One of those pseudo-democratic fictions is the system of party elections. The party-state is run by a hierarchy of committees, with the central committee and its powerful bureaucracy being the pinnacle of the entire structure, a central government in everything but name.

The party committees at all levels are essentially self-appointed. Communist functionaries become members of the central committee pretty much in the same way as the Catholic clergy become cardinals – they are appointed by the current leaders, but not without consulting and lobbying at the lower levels. At any rate, no elections are involved. Lower-level committees are manned in a similar manner.

However, on paper the committees – including the central committee – are elected. In the Cold War era most communist parties once every few years staged a large and pompous convention that was known as a “party congress”. This was where the new central committee was “elected”.

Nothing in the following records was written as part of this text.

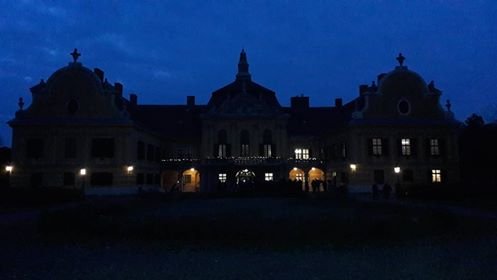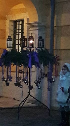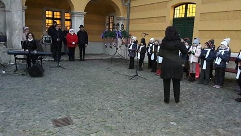 Aztán éppen azon voltam, hogy terelődjünk a kastély kávézója felé, amikor feltűnt, hogy zsongás támadt a bejáratnál, mindenki kifelé igyekezett és mint megtudtuk, az első, ünnepélyes adventi gyertyagyújtásra készülődtek kint a kertben. Gondoltuk, ha már ott vagyunk, ezt ki nem hagyjuk, így aztán mi is csatlakoztunk a sokasághoz. Gyereksereg izgatott készülődését láthattuk, mert ők énekeltek és harangjátékoztak zongorakísérettel, aztán a kastély igazgatójának a beszéde után felgyulladt az első gyertyaláng is a lámpásban. Annak ellenére, hogy mindannyian átfagytunk az előadás végére, az egész valahogy nagyon emlékezetes maradt, csak ott álltunk és hallgattuk azt a sok szépséget, a gyerekek vidám énekét és igazi varázslat költözött akkor oda közénk…
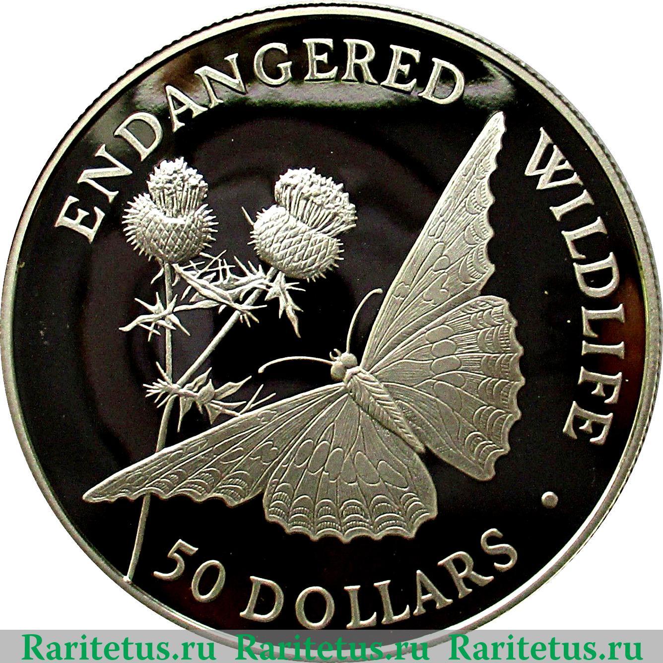 В центре изображение бабочки вида Вице-король, садящейся на куст расторопши. Сверху и справа вдоль канта надпись: «Исчезающие виды животных», на англ. яз. «ENDANGERED WILDLIFE». Снизу вдоль канта надпись на англ. языке: «50 DOLLARS.» - 50 долларов.
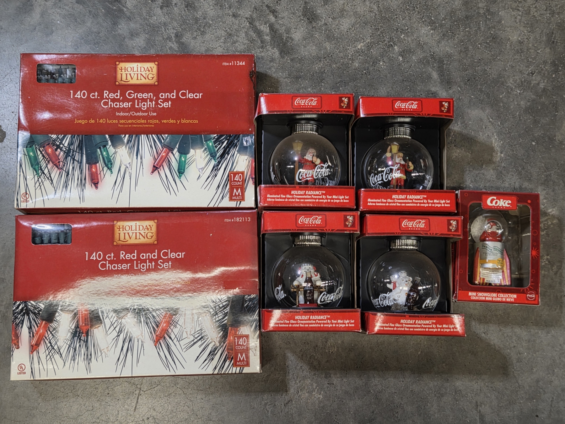 All Brand New- Two 140 Light Sets, And 5 Collectable Coca Cola Ornaments
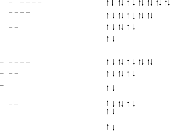 В зависимости от того, какой подуровень заполняется последними электронами, различают s-, p-, d-, f-элементы. s-элементами называют такие элементы, в атомах которых последние электроны занимают s-подуровень внешнего квантового уровня. /Например, натрий, магний, калий, кальций и др./. р-элементами называют такие элементы, в атомах которых последние электроны занимают р-подуровень внешнего квантового уровня. /Например, углерод, кислород, хлор и др./. d-подуровень, заполняемый последними электронами, относит элементы к d-элементам. /Например, d-элементами являются титан, хром, железо, медь, т.к. у этих элементов последние электроны занимают d-подуровень предпоследнего уровня/. f-элементами называют такие элементы, в атомах которых последние электроны занимают f-подуровень второго от вне квантового уровня. /Например, празеодим, европий, эрбий и др./. 2.1.7. Изображение электронной структуры атомов при помощи электронных формул и квантовых ячеек. Электронную структуру любого атома изображают электронными формулами. В электронных формулах квантовый электронный уровень обозначают численным значением главного квантового числа n, подуровень записывают буквенным обозначением соответствующего подуровня, а число электронов на подуровне указывают степенью, стоящей у обозначения подуровня. Например, 3d5 обозначает, что на d-подуровне 3-го квантового уровня находится пять электронов. Электронная формула любого элемента состоит из полного набора таких фрагментов, как указано в примере. Так, электронная формула атома титана /№22/ имеет вид: 1s22s22p63s23p64s23d2. Cумма всех степеней равна 22, это значит, что атом титана, имея заряд ядра +22, содержит на электронной оболочке 22 электрона, которые своим суммарным отрицательным зарядом (–22) компенсируют положительный заряд ядра атома, делая атом сложной электронейтральной системой. Электронные формулы удобнее составлять после рассмотрения структуры периодической системы элементов Д.И.Менделеева. Забегая вперед и основываясь на знаниях, полученных в средней школе, представим периодическую систему элементов в виде электронных формул. (рис.2.10.) О написании электронных формул конкретного элемента, находящегося в периодической системе, вернемся позже и рассмотрим алгоритм по которому легко научиться писать электронную формулу любого элемента. Во-вторых, структуру электронной оболочки атома изображают при помощи квантовых ячеек. I |
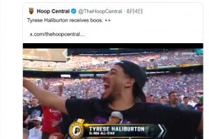 就在纽约附近的新泽西观众们给哈利伯顿送上了巨大的嘘声,但是哈利伯顿和在纽约打球时一样地享受,他不断挥手示意现场观众“嘘声再大一点”。
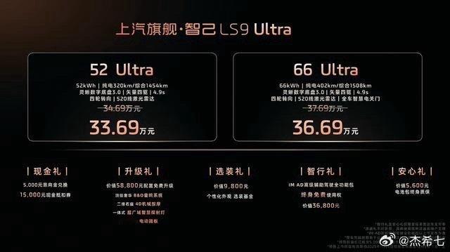 此次预售车型包含52 Ultra与66 Ultra两个版本,核心参数差异化明确:52 Ultra搭载52kWh电池,CLTC纯电续航320km、满油满电综合续航1454km;66 Ultra配备66kWh电池,纯电续航提升至402km、综合续航达1508km,两车均标配“恒星”超级增程技术与灵蜥数字底盘3.0,支持双向24°四轮转向,双电机矢量四驱系统可实现4.9秒百公里加速。
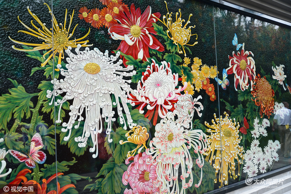 2016年9月7日訊,成都市百年名園人民公園菊園門口現(xiàn)浮雕漆畫百菊圖,畫長7米,高逾2米,由成都藝術(shù)家王懿創(chuàng)作。王懿將木版畫、烙畫、壁畫和雕漆結(jié)合起來,歷時(shí)三個(gè)月創(chuàng)作出該浮雕漆畫。畫面上的菊花品種有芙蓉托桂、帥旗、龍爪等,很多都是四川的特色名種。

Actually, the elections were a fiction, pure and simple. The congress obediently voted for a candidates’ list that had been drafted weeks or months beforehand by the central committee bureaucracy and approved by the leadership. The tradition required that support for the list during a public voting ritual should be unanimous, and this indeed was the case.

The party representatives who attended the congress – and they could number in thousands – were themselves selected through a similar procedure: appointed by the local party apparatchiks, they were then formally “elected” by the relevant party groups.

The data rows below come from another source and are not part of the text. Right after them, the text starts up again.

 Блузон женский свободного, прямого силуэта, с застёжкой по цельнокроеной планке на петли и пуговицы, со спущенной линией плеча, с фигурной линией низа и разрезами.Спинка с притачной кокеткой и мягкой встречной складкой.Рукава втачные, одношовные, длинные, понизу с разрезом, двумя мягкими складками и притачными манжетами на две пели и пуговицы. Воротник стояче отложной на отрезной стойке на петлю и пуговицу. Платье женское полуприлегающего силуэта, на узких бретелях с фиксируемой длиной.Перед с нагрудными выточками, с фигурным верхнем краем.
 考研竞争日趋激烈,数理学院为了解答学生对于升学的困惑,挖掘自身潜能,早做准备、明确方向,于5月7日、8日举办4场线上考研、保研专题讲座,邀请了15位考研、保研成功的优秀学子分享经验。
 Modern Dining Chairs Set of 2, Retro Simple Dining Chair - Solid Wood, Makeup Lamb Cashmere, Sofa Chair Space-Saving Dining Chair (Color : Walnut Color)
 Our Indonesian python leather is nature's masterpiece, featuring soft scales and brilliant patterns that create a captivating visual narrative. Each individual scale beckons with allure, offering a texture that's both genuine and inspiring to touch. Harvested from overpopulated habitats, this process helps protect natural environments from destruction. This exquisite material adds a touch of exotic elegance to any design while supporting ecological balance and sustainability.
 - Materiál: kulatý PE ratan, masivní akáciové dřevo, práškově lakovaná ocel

Some of the representatives were prominent bureaucrats and officials, but a majority came from the party rank-and-file. Exemplary milkmaids and steel workers were dispatched to the congress to demonstrate the broad support communist rule allegedly enjoyed among the ”masses”. Nobody expected from them any meaningful discussion of political issues, and in most cases any attempt at such discussion would be promptly suppressed.

A party congress had other important functions. It was the place where the party supreme leader, usually known as its “general secretary”, delivered a speech in which he described the achievements of the party as well as the universal love and admiration it enjoyed among the people.

He also used the opportunity to criticize scheming enemies and remind about the need to remain vigilant. These speeches could be very lengthy. For example, in 1956, Kim Il-sung, the founder of the North Korean state and father of present dictator Kim Jong-il, spent six hours reading a voluminous text of such speech, and during party congresses in the Soviet Union in the 1970s, Leonid Brezhnev, the top Soviet leader, usually spent three of four hours reading similar texts in his less then audible voice. Kremlinologists, however, unlike the unlucky audience, had a field day with these speeches since among the boring nonsense there were some important hints that could indicate the direction a particular state was going to take.

Indeed, the party congresses (and conferences, of which more later) were largely convened to convey important messages about policies while also staging an only too transparent show of ”party democracy”. It is important to remember that no discussion took place at a congress of a ruling Leninist party.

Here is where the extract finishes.